Here is the code that I'm using:
import tensorflow as tf import numpy as np import random import time import logging
from tensorflow.python.ops import init_ops
from tensorflow.python.client import timeline
def test():
n = 5000
with tf.Graph().as_default():
A1 = tf.placeholder(tf.float32, shape=[n, n], name='A')
A2 = tf.placeholder(tf.float32, shape=[n, n], name='A')
with tf.device('/gpu:0'):
B1 = A1
for l in xrange(10):
B1 = tf.matmul(B1, A1)
with tf.device('/gpu:1'):
B2 = A2
for l in xrange(10):
B2 = tf.matmul(B2, A2)
C = tf.matmul(B1, B2)
run_metadata = tf.RunMetadata()
with tf.Session(config=tf.ConfigProto(log_device_placement=True)) as sess:
start = time.time()
logging.info('started')
A1_ = np.random.rand(n, n)
A2_ = np.random.rand(n, n)
sess.run([C],
feed_dict={A1: A1_, A2: A2_},
options=tf.RunOptions(trace_level=tf.RunOptions.FULL_TRACE),
run_metadata=run_metadata)
logging.info('writing trace')
trace = timeline.Timeline(step_stats=run_metadata.step_stats)
trace_file = open('timeline.ctf.json', 'w')
trace_file.write(trace.generate_chrome_trace_format())
logging.info('trace written')
end = time.time()
logging.info('computed')
logging.info(end - start)
if __name__ == "__main__":
logging.basicConfig(level=logging.INFO, format='%(asctime)s %(message)s')
test()
- It takes 20.4 secs to finish.
- It takes 14 secs to finish if I set all ops to gpu0 (TitanX).
- It takes 19.8 secs to finish if I set all ops to gpu1 (GTX 1080).

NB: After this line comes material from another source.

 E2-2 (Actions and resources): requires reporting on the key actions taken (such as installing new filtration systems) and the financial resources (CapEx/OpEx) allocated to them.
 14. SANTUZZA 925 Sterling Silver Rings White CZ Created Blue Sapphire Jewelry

I can see that tensorflow found both gpus and have set all devices correctly. Why is there no speed up for using two gpu instead of one? Could be the problem that the gpus are different models (AFAIK cuda allows it)?
Thanks.
EDIT I updated code to use different initial matrices for both chains since otherwise tensorflow seems to do some optimizations.

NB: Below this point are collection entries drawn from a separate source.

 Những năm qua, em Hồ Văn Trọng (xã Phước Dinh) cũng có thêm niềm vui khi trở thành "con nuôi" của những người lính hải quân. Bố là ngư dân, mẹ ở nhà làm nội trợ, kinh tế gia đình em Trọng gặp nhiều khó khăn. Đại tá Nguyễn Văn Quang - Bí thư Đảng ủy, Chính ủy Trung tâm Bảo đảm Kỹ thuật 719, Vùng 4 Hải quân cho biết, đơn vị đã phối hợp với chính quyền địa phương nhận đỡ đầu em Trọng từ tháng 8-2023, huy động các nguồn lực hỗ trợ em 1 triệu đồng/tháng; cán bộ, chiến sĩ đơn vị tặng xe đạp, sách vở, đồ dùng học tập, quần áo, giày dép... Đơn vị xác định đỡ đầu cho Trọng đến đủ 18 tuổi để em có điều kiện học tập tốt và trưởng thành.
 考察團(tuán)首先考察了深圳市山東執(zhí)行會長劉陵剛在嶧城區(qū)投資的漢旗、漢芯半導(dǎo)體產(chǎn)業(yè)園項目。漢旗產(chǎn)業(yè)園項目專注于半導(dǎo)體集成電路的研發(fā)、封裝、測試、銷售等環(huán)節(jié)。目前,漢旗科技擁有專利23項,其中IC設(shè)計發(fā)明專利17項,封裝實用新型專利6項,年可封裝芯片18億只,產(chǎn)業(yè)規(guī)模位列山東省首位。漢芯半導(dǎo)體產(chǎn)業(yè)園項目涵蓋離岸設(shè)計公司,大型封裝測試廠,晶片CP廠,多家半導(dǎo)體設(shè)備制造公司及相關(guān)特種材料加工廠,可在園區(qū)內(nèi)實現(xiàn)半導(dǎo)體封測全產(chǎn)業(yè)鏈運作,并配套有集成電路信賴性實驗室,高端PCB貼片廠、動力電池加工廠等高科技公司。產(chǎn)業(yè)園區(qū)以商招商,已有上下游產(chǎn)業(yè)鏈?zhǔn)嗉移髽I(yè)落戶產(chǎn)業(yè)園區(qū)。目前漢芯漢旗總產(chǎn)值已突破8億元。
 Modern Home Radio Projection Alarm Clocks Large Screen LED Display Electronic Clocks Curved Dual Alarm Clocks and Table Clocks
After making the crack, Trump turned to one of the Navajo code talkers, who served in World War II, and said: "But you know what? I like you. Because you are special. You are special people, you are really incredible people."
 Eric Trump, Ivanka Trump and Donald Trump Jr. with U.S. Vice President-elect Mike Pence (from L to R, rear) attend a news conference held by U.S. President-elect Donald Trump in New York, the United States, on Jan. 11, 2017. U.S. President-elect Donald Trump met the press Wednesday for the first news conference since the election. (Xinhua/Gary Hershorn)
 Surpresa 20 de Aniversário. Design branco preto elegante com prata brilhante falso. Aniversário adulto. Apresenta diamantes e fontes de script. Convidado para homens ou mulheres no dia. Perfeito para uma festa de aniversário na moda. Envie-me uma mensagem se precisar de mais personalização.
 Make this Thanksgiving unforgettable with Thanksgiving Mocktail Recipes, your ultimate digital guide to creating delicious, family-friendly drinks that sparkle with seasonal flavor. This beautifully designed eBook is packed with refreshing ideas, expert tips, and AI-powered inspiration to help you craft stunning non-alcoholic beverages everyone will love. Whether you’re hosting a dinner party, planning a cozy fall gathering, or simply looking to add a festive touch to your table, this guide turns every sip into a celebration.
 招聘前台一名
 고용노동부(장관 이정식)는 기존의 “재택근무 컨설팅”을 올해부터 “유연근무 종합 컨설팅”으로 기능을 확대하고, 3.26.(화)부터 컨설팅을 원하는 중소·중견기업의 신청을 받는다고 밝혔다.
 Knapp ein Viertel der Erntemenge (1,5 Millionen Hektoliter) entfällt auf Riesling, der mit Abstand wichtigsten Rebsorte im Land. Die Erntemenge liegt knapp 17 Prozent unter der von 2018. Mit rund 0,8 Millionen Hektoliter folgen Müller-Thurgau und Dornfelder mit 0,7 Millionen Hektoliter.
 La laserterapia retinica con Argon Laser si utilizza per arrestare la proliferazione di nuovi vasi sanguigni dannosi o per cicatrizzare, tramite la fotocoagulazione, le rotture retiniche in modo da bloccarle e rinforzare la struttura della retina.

Here is a timeline profile json-file link: https://api.myjson.com/bins/23csi
This timeline raises more questions than answers:
- Why pid 7 (gpu0) has two lines of execution?
- What are long MatMuls in pid 3 and 5? (input0 "_recv_A_0/_3", input1 "_recv_A_0/_3", name "MatMul", op "MatMul")
- It seems that every op is executed on gpu0 execept pid 5.
- There are a lot of small MatMul ops (can't be seen from the screenshot) right after the long MatMuls ops from pid 3 and pid 5. What is this?